--- DATASET EXTRACT ---

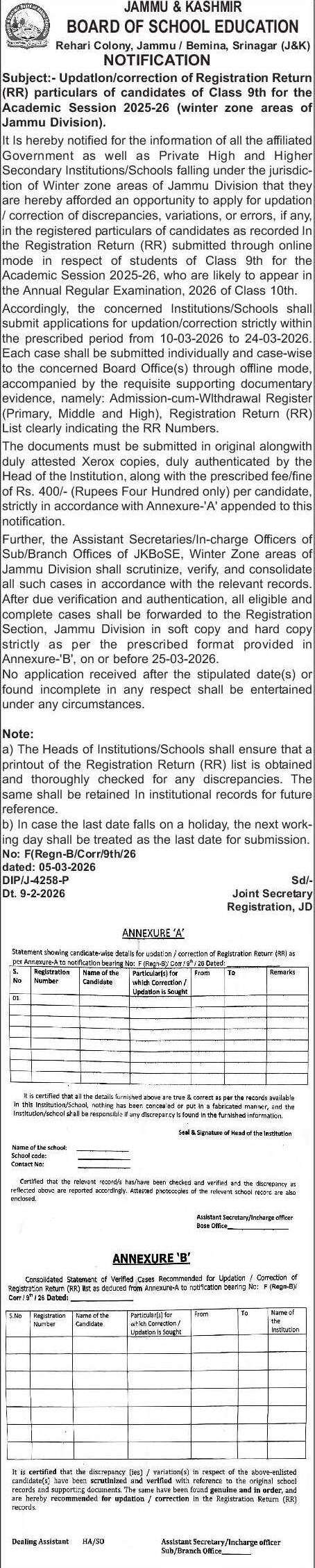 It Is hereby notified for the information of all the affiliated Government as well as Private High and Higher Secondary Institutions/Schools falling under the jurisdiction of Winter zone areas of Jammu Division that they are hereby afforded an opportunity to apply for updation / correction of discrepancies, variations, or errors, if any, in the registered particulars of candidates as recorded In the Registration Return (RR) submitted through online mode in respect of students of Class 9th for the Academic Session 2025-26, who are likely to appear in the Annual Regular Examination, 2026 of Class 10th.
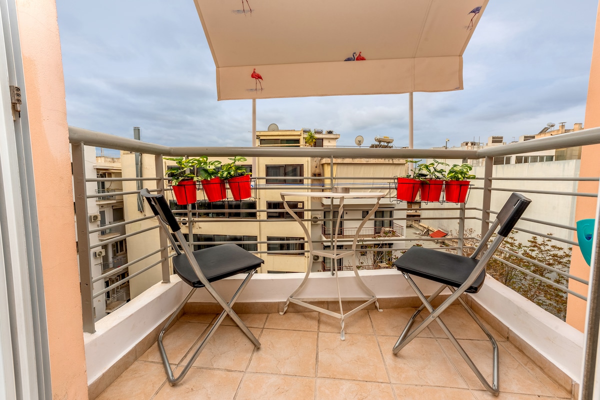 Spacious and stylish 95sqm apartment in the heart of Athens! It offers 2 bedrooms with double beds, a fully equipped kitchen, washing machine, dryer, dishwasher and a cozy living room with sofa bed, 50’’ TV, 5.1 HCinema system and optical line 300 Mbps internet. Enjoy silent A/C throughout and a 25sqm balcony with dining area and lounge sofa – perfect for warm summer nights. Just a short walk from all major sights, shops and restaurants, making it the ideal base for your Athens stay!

---
--- DATASET EXTRACT ---

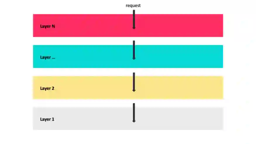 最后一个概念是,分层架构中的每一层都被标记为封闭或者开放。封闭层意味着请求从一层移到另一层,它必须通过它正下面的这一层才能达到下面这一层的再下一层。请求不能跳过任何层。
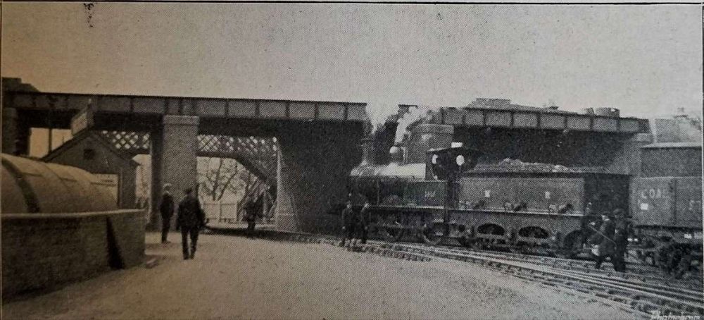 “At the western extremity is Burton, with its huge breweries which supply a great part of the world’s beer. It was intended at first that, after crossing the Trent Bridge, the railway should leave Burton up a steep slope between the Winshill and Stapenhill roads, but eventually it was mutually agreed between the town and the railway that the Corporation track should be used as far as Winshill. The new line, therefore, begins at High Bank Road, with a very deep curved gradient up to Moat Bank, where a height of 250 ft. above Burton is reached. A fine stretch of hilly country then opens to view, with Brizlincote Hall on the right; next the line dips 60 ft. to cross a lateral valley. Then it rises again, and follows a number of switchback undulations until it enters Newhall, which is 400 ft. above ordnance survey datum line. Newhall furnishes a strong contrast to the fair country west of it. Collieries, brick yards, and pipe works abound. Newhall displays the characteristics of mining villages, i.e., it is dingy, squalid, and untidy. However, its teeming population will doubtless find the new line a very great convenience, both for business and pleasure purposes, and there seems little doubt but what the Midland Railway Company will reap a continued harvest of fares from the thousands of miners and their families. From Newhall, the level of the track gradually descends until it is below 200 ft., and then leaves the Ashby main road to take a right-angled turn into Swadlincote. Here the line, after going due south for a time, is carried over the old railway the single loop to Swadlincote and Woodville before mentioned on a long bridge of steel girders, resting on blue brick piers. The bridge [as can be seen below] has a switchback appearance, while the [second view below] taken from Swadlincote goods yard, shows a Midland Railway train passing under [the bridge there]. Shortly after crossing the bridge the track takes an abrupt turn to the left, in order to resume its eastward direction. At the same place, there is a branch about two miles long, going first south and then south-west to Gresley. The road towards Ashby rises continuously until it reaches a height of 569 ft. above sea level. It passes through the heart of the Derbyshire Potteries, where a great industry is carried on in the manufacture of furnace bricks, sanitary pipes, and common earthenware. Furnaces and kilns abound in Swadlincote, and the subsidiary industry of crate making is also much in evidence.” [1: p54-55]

---

YOUR OBJECTIVE - Return the material from the line containing "It Is hereby" through the line containing "Spacious and stylish", exactly and in full, but without its pictures.

EXERCISE OUTPUT -
 It Is hereby notified for the information of all the affiliated Government as well as Private High and Higher Secondary Institutions/Schools falling under the jurisdiction of Winter zone areas of Jammu Division that they are hereby afforded an opportunity to apply for updation / correction of discrepancies, variations, or errors, if any, in the registered particulars of candidates as recorded In the Registration Return (RR) submitted through online mode in respect of students of Class 9th for the Academic Session 2025-26, who are likely to appear in the Annual Regular Examination, 2026 of Class 10th.
 Spacious and stylish 95sqm apartment in the heart of Athens! It offers 2 bedrooms with double beds, a fully equipped kitchen, washing machine, dryer, dishwasher and a cozy living room with sofa bed, 50’’ TV, 5.1 HCinema system and optical line 300 Mbps internet. Enjoy silent A/C throughout and a 25sqm balcony with dining area and lounge sofa – perfect for warm summer nights. Just a short walk from all major sights, shops and restaurants, making it the ideal base for your Athens stay!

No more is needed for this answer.